More than half (57%) of respondents are not confident their pension will deliver an adequate retirement income, according to research by consultancy Hymans Robertson.
Its research, which surveyed 500 UK adults who save into a defined contribution (DC) pension scheme, found that 23% of respondents do not know how much of their current monthly salary they will need to contribute to their pension in order to have an acceptable standard of living in retirement.
The research also found:
- 54% of respondents said the information they receive about their pension is too complicated and full of jargon they do not understand.
- 57% of respondents would act if the information they received was clearer.
- 38% of respondents never get around to making proactive decisions about their pension.
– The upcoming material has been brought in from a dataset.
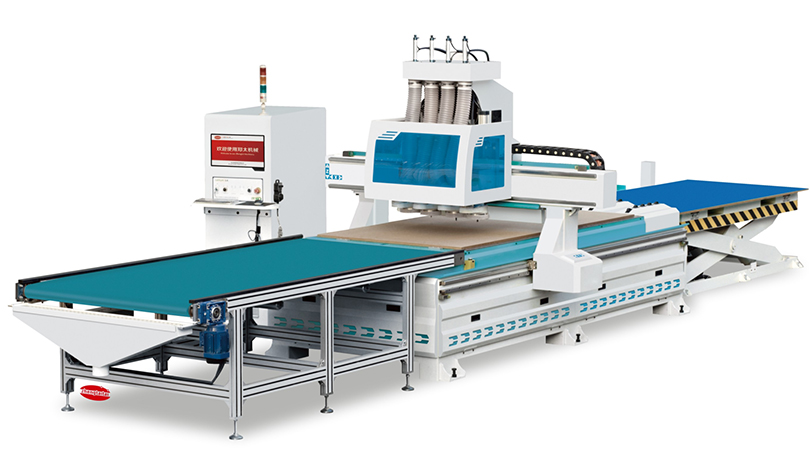 前沿的科技支撐規(guī)?;a(chǎn),讓企業(yè)始終處于高效率運(yùn)作當(dāng)中。 一次性上下料作業(yè)滿足開料、銑形、垂直鉆孔工藝,大幅度降低 人工使用量,提高生產(chǎn)80%工作效率,數(shù)控開料連線未來家居生 產(chǎn)工藝的使用方向。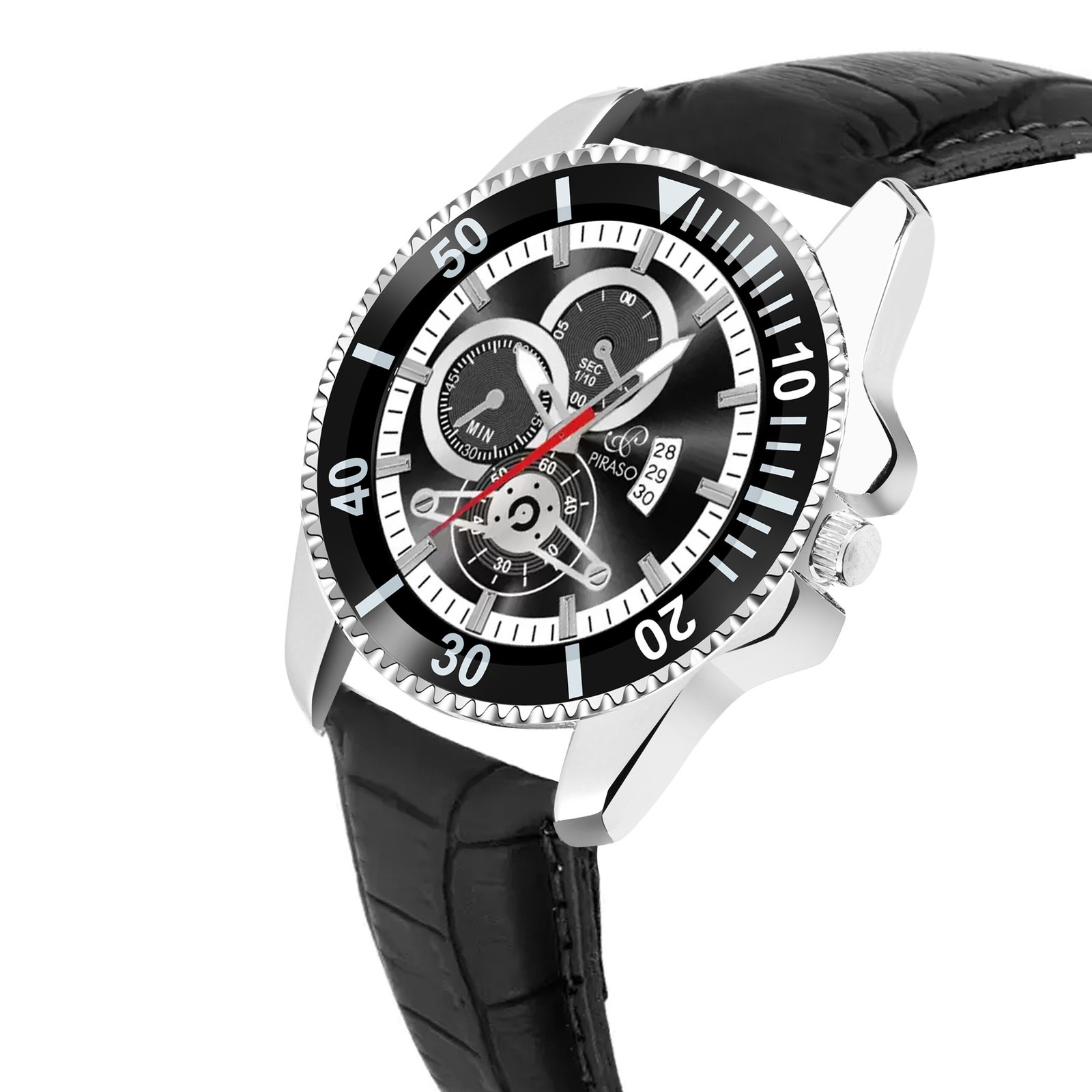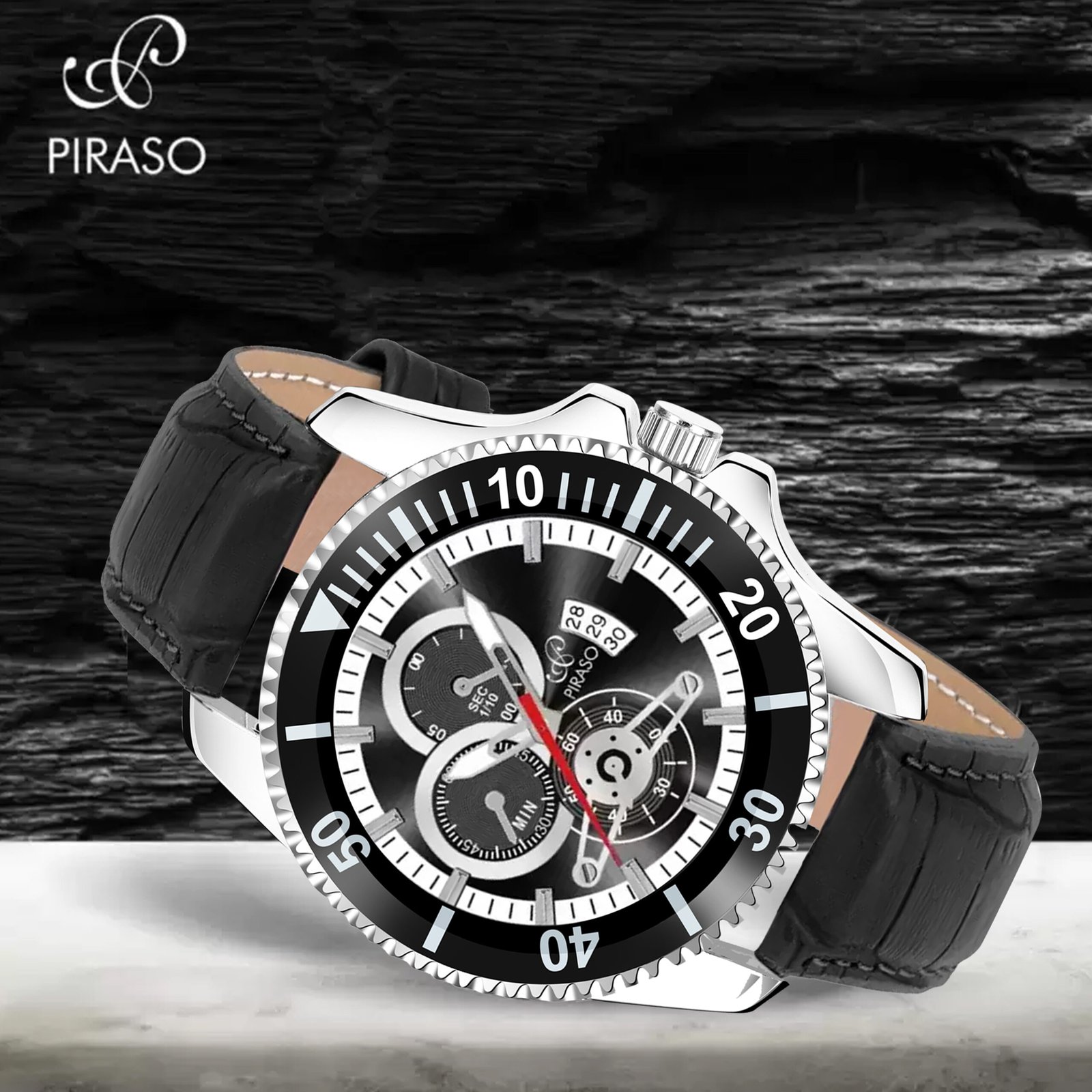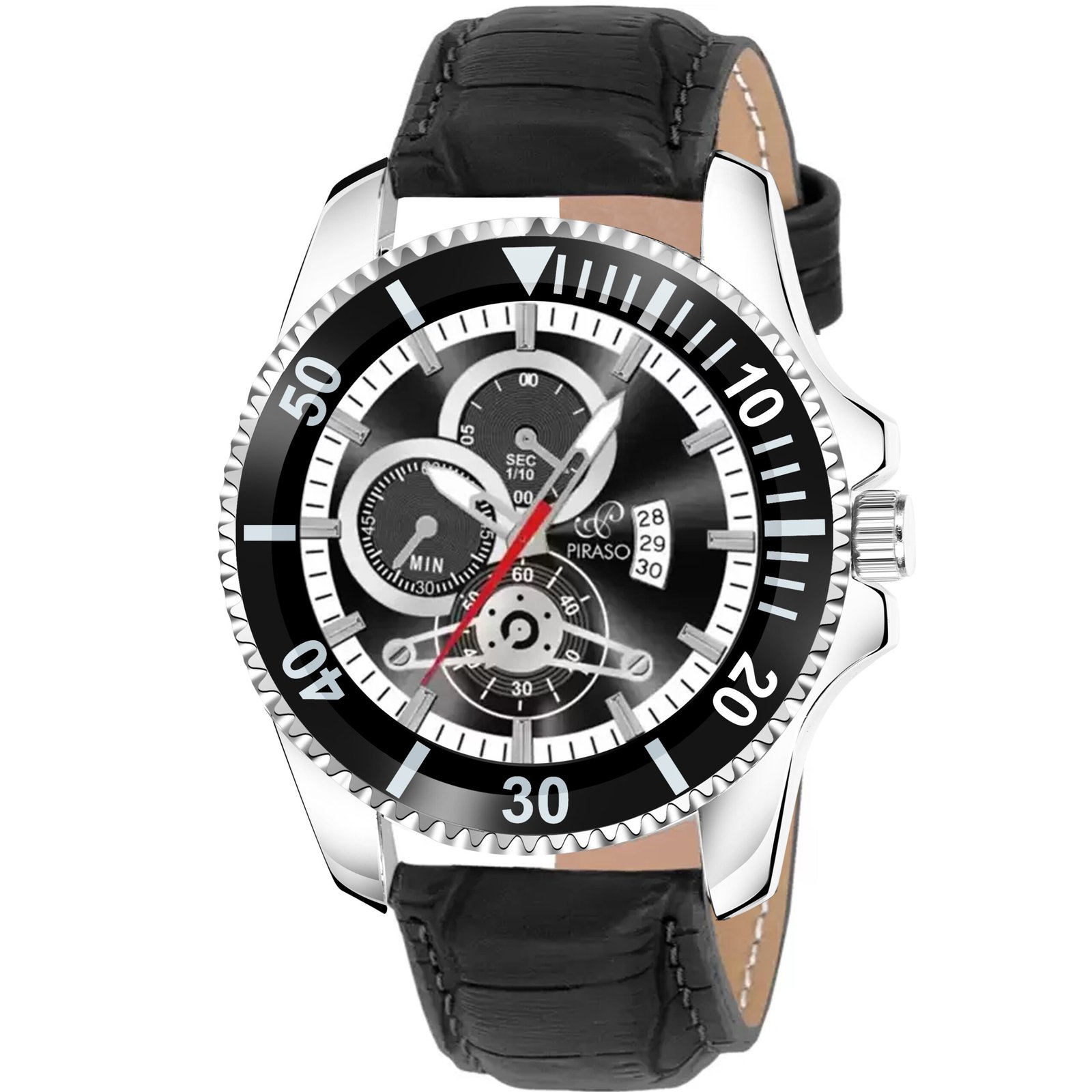 Piraso Date Black Dial And Black Strap Watch for Men-ROL-X 2025 BLACK STRAP

Lee Hollingworth, partner at Hymans Robertson (pictured), said: “A step change is required in the way DC is delivered for savers because in its present form it’s not fit for purpose.
“The majority of those DC savers who took part in our research have taken a conscious decision to save for retirement and if these people are not engaged with their pension, it will be a huge struggle to engage the millions of people enrolled into a DC scheme through automatic enrolment.
“Current methods based on education to facilitate a [do-it-yourself] approach are doomed to fail [because] the majority of savers are not well placed to manage their own plan and need stronger direction and supportive guidance.
“Member communications from trustees and employers need to simply focus on the desired target, progress to date, required actions to stay on track and also the consequences of taking no action.
“By following this approach, both employers and trustees can help members improve their level of pension at retirement, while also better meeting their respective strategic objectives and governance responsibilities.”